=== WHAT YOU SHOULD DO ===
Take from the entries below the stretch from the line with "Capture the beauty" through the line with "Pop the top", and return it exactly, leaving the pictures out.

=== RECORDS SUPPLIED ===
------------

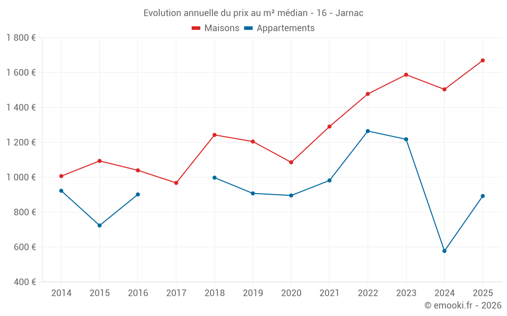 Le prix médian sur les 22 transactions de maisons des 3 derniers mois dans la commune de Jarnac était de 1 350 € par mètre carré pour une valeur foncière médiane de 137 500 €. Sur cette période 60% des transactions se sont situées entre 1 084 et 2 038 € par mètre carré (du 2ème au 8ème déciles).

------------

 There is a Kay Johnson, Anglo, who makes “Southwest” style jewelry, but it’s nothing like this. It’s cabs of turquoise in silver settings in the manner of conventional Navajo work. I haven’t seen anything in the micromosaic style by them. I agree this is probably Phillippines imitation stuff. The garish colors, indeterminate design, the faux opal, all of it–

------------

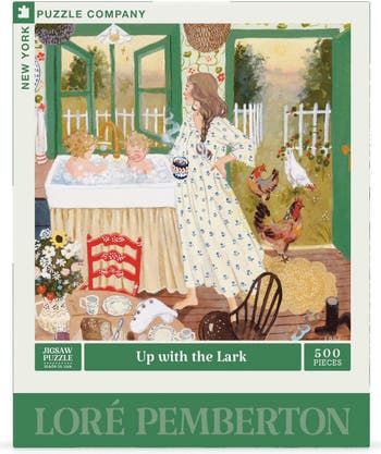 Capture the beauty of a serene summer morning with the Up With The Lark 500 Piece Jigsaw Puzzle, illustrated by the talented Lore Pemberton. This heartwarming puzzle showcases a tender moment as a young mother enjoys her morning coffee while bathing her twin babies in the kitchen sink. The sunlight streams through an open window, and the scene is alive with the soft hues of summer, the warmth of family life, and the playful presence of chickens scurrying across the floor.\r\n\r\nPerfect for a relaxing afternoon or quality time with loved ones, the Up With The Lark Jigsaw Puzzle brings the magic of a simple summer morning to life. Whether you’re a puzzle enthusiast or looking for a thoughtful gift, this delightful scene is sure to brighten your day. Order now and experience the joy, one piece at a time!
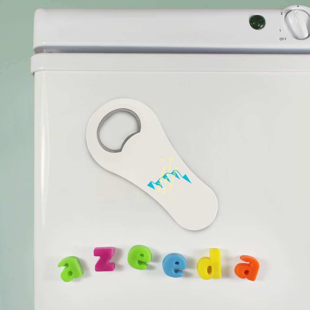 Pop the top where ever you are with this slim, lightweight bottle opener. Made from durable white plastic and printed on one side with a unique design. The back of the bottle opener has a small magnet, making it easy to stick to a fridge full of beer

------------

=== SOLUTION FOR THIS EXERCISE ===
 Capture the beauty of a serene summer morning with the Up With The Lark 500 Piece Jigsaw Puzzle, illustrated by the talented Lore Pemberton. This heartwarming puzzle showcases a tender moment as a young mother enjoys her morning coffee while bathing her twin babies in the kitchen sink. The sunlight streams through an open window, and the scene is alive with the soft hues of summer, the warmth of family life, and the playful presence of chickens scurrying across the floor.\r\n\r\nPerfect for a relaxing afternoon or quality time with loved ones, the Up With The Lark Jigsaw Puzzle brings the magic of a simple summer morning to life. Whether you’re a puzzle enthusiast or looking for a thoughtful gift, this delightful scene is sure to brighten your day. Order now and experience the joy, one piece at a time!
 Pop the top where ever you are with this slim, lightweight bottle opener. Made from durable white plastic and printed on one side with a unique design. The back of the bottle opener has a small magnet, making it easy to stick to a fridge full of beer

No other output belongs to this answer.